Daniel Singh

Daniel Singh started studying architecture in Innsbruck in 2018. After graduating from the bachelor program in summer 2021, he decided to start studying comparative literature additionally to enrolling in the master program in architecture. He is interested in chthulucenic human-animal coexistence, which he investigated in his architecture bachelor project, but also in popular culture, fantasy literature and game studies. He held talks student conferences “Studientag der allgemeinen und vergleichenden Literaturwissenschaft 2023” at Bergische Universität Wuppertal and „Studierendenkongress Komparatistik 2024“ at Freie Universität Berlin. He currently writes his master thesis titled “Einsatz und Wirkung historischer Architektur in Videospielen”.

Of romanticised ruins and provisional shelters: Architecture in games after the fall of civilisation.

FROG 2024 – Talk

The first part of the talk (5 min) offers a general overview of different types of architecture in post-apocalyptic games, focusing primarily on ruins and shelters. I will draw on theories originating from cultural geography and architectural theory, as well as game studies. In order to understand how architecture functions as sign and how it relates to its real-world counterpart, I shall refer to the semiotic theories proposed by Eco and Barthes.
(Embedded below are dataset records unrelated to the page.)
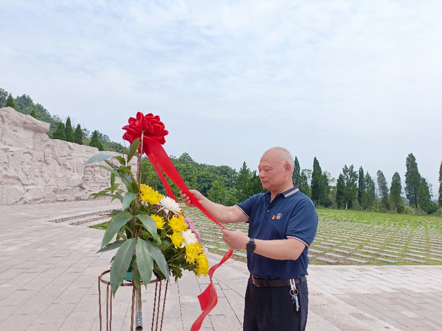 接着同志们前往凭吊广场为湘江战役牺牲的革命烈士们敬献花篮。在革命烈士的石雕前,党员们集体列队举行庄严的献花仪式,公司党委书记陈志刚教授上前整理了花篮上的红色缎带,全体在场人员向革命烈士石雕鞠躬默哀,表达深切的缅怀和敬仰之情。
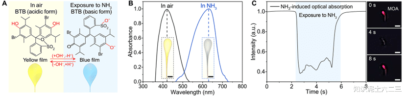 MOA 的嗅觉感知依赖聚合物薄膜中的化学指示剂,以氨气检测为例:
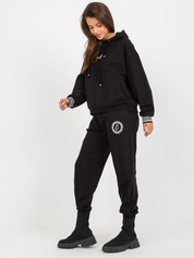 HurtCzarny luźny komplet dresowy z bluzą z aplikacją
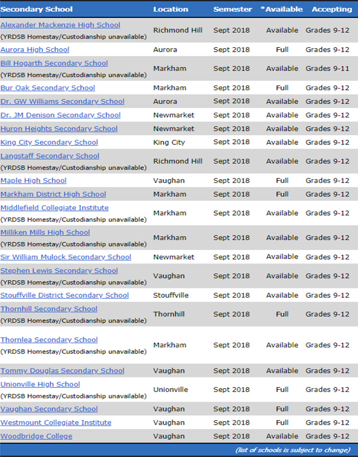 이 지역에는 Aurora, East Gwillimbury, Georgina, Markham, Newmarket, Richmond Hill, Vaughan, Whitchurch-Stouffville, King 등 9개 지역으로 나눠져 있고 5만4천 명 이상의 학생들이 공부하고 5천 명 이상의 교사들이 헌신하고 있습니다.
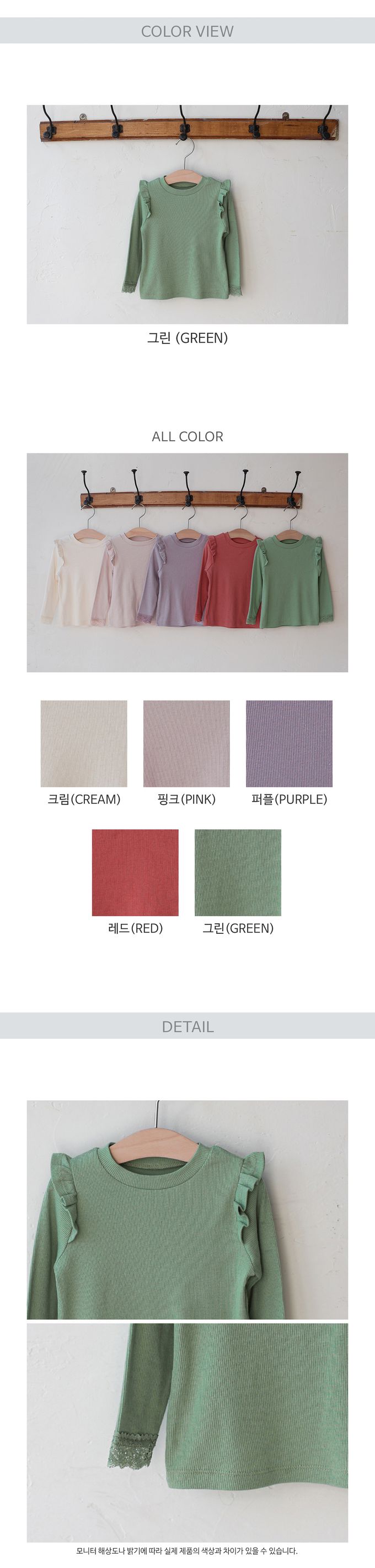 韓國 PuellaFLO - 蕾絲點綴莫代爾混棉彈性長袖上衣-綠

Ruins are very much present in contemporary popular culture, according to DeSilvey and Edensor, they are associated with both disastrous futures as well as tension, exhilaration, and excitement (see DeSilvey, Edensor, 478). According to Hill, they combine both fragmentariness and monumentality, and additionally capture human imagination, making recipients envision a past – or a future – for them (see Hill, 294–295).
Provisional shelters, on the other hand, are an architectural form which only emerges after an apocalyptic event, resulting in the necessity to ensure one’s survival. With the shelter, humanity’s claim to control the environment is rendered ridiculous. It is possible for players to build their own shelters in certain games.
In the second and longer portion of the talk (15 min) I will examine three post-apocalyptic games based on their architectural structures, following the mentioned theories.
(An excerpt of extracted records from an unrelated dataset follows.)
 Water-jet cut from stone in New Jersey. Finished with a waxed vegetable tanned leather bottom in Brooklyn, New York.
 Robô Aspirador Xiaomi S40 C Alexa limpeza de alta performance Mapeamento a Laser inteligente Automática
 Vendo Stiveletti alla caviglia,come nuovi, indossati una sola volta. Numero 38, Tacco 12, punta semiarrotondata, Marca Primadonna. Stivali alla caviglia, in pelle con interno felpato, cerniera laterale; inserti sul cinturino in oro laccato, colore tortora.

Horizon Zero Dawn contains mostly modern or contemporary ruins, having been built during the last 150 years. Some of them are easily recognizable landmarks, serving as witnesses to a failed or defeated humanity and increasing dystopian atmosphere (see Bonner, 41).

Players can construct their own shelter in Fallout 4. These buildings always follow the aesthetics of makeshift shelters, demonstrating not only the scarcity of resources but also the population’s will to survive and their uncertainty about the current situation.
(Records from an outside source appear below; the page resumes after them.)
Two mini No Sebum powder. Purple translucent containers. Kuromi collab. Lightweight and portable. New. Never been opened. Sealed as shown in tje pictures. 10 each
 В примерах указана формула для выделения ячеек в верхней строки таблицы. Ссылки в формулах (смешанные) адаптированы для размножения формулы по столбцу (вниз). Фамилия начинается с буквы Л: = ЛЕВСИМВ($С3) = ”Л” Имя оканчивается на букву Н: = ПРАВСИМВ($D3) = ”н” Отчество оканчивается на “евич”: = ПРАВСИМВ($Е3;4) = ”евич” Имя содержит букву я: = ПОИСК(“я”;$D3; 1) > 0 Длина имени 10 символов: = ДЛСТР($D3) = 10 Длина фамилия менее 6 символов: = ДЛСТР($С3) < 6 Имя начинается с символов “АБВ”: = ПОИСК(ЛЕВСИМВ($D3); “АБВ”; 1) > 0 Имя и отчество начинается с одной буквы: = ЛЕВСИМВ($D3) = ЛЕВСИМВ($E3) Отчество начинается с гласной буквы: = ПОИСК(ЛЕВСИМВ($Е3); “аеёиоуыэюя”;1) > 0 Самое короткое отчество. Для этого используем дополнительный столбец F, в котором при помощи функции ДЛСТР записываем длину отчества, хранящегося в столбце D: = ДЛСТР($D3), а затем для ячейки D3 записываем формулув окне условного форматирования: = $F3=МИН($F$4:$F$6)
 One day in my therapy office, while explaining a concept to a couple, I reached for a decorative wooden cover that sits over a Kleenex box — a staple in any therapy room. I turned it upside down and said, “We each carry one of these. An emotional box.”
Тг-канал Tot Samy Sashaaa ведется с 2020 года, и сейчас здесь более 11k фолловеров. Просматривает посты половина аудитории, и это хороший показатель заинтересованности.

The ruins in Elden Ring are inspired by architectural styles that have been out of use for several centuries. According to Burström, this creates more distance than Horizon Zero Dawn’s modern ruins, since recipients are unaware of their appearance and feel when in active use (see Burström, 122). Furthermore, distance and monumentality create an aura of sublimity associated with the lost, pre-apocalyptic era.

Bibliography:
Bonner, Marc: Offene-Welt-Strukturen. Architektur-, Stadt- und Naturlandschaft im Computerspiel. Marburg 2023.
Burström, Mats: Creative Confusion. Modern Ruins and the Archaeology of the Present, in: Ers, Andrus, Ruin, Hans (ed.): Rethinking Time. Essays on History, Memory and Representation. Huddinge 2011, 119–128.
DeSilvey, Caitlin, Edensor, Tim: Reckoning with ruins, in: Progress in Human Geography 37.2013, 4, 465–485.
Elden Ring. Tokio Bandai Namco Entertainment, 2022, PlayStation 4, PlayStation 5, Windows PC, Xbox One, Xbox Series.
Ers, Andrus, Ruin, Hans (ed.): Rethinking Time. Essays on History, Memory and Representation. Huddinge 2011.
Fallout 4. Rockville, Maryland Bethesda Softworks, 2015, PlayStation 4, Windows PC, XBox One.
Hill, Jonathan: The architecture of ruins. Designs on the past, present and future. London, New York 2019.
Horizon Zero Dawn. Santa Monica Sony Interactive Entertainment, 2017, PlayStation 4.